Como los demonios habitan en los lagos, en los ríos, en el mar, de ahí que el hombre no tenga
en el elemento acuático tanto poder como en el terrestre. Los baños fluviales son peligrosos aun
en verano; por eso Lutero juzgaba más prudente bañarse en casa. Cuando los espíritus malignos
se transforman en gatos, monos o en otros bichos, tienen la misma fuerza, no mayor, que esos
animales. La explicación de que los loros y papagayos pronuncien palabras y de que los micos
remeden los gestos del hombre, es que dentro de ellos está el demonio. De los demonios íncubos
y de las mujerzuelas (Teufelshuren) que de ellos pueden engendrar hijos no le cabe la menor
duda. Admite como hecho muy real las conversaciones del Dr. Fausto —personaje histórico
nacido hacia 1480— con el diablo. Éste engaña frecuentemente a los hombres con ilusiones de la
fantasía, como en el caso de un monje que se comió media carretada de heno, y en el de un
hombre de Nordhausen que se tragó el carro con el carretero y con el caballo, mas luego se vio
que era un engaño demoníaco.
Todo lo pantanoso, lo malsano, lo mefítico, según Lutero, tenía relación con el espíritu
maligno. Más de una vez se alucinó en su vida, creyendo ver y oír a Satán, en forma de perro o de
cerdo, que se acercaba a molestarle y a disputar con él. No siempre se trataba de alucinamiento;
en ocasiones era solamente una falsa interpretación de un fenómeno natural. Dado el humorismo
burlón con que solía conversar con tales fantasmas y quimeras, más bien que de demonios, parece
tratarse de pobres diablejos de folklore.

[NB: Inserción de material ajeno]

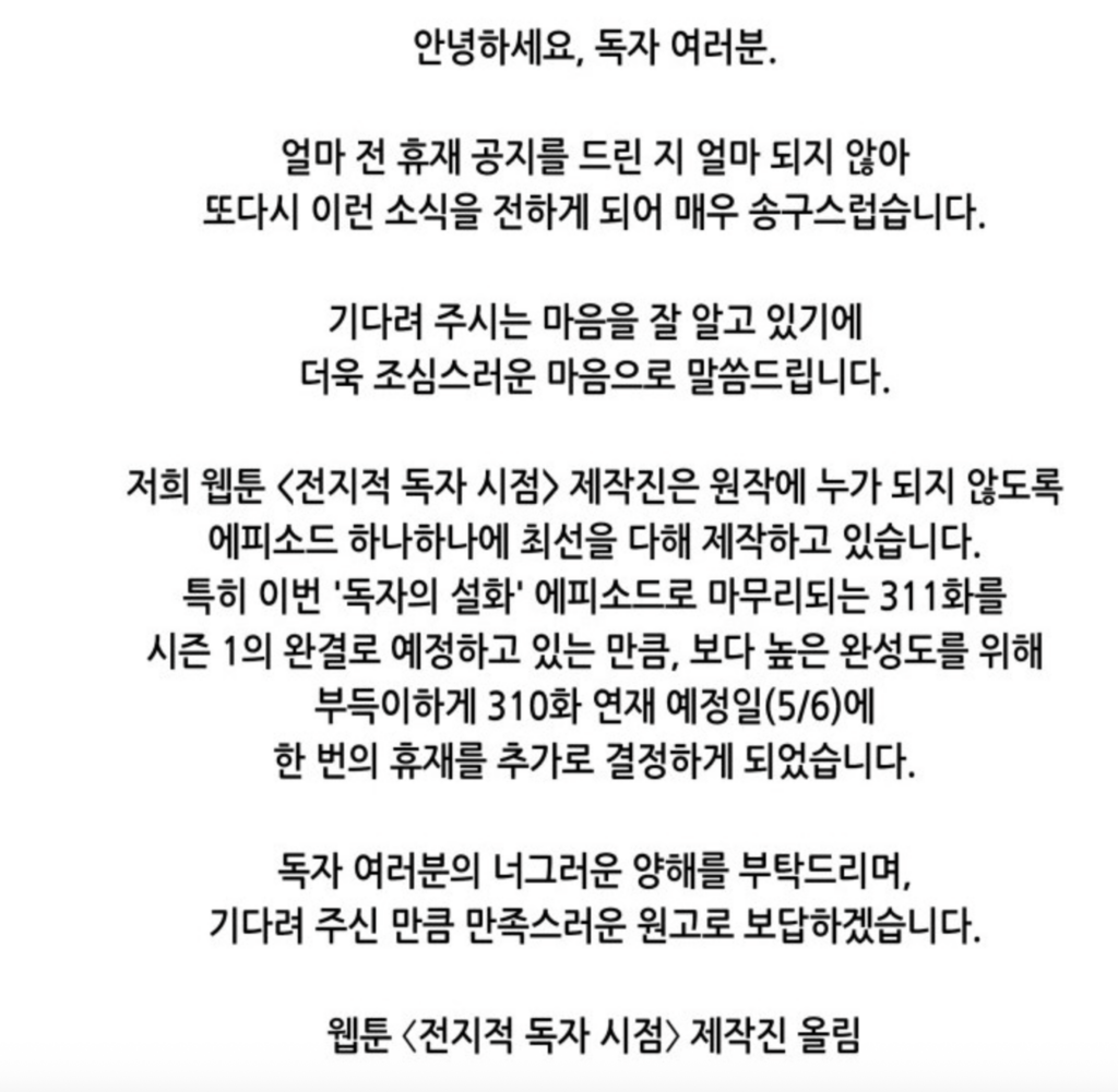 The popular webcomic Omniscient Reader’s Viewpoint will be taking a short break next week on May 6 to ensure the next chapter is of the utmost highest quality. The announcement comes at the end of the most recent chapter, Chapter 309. In addition, Chapter 311 will mark the end of the first season of ORV. The production team asked fans for their patience as they worked to adapt the webcomic so that it would be as faithful as possible to the original novel.

Relatos espantables y leyendas supersticiosas llegarían a sus oídos por la noche, después de
cenar, de labios de su propio padre, pues sabido es que entre los mineros, que trabajaban en las
tenebrosas entrañas de la tierra, entre tímidas luces parpadeantes y sombras movedizas, cundían
fácilmente las más absurdas creencias en seres misteriosos, en espectros y estantiguas.
Mas no todo lo que oía el niño eran cosas de susto. Con la alegría de los demás chiquillos de
su edad escuchó cuentos alegres, jugó y retozó con sus compañeros en la plaza y en el campo,
participó en las fiestas populares y religiosas, que eran frecuentísimas.
También aprendió en el seno de su familia lecciones útiles y provechosas, historias
consoladoras, ejemplos de virtud cristiana. En Cuaresma, en Pascua de Resurrección, en
Pentecostés, en Navidad, en las principales festividades litúrgicas, oiría hablar y predicar de
Cristo, nuestro Salvador; de la Virgen María, Madre de Dios y Abogada nuestra; de los apóstoles
y santos, especialmente de San Pedro, de San Juan, de San Martín, de San Jorge, patrono de su
parroquia, y de Santa Ana, cuyo culto se propagaba mucho en aquellos días, particularmente
entre los mineros; tanto que el mismo Lutero dirá en 1518 que «esta Santa es ahora casi más
ensalzada que la bienaventurada Virgen María».
Con sus padres y hermanos frecuentaría la iglesia parroquial todos los días festivos para oír la
misa solemne por la mañana y las vísperas por la tarde. Y sería su madre la que en casa le
enseñaría a rezar, en su jugosa lengua germánica, el padrenuestro, el avemaría, la salve, el credo,
las oraciones de la mañana y de la noche. En la escuela pública las aprendería en latín.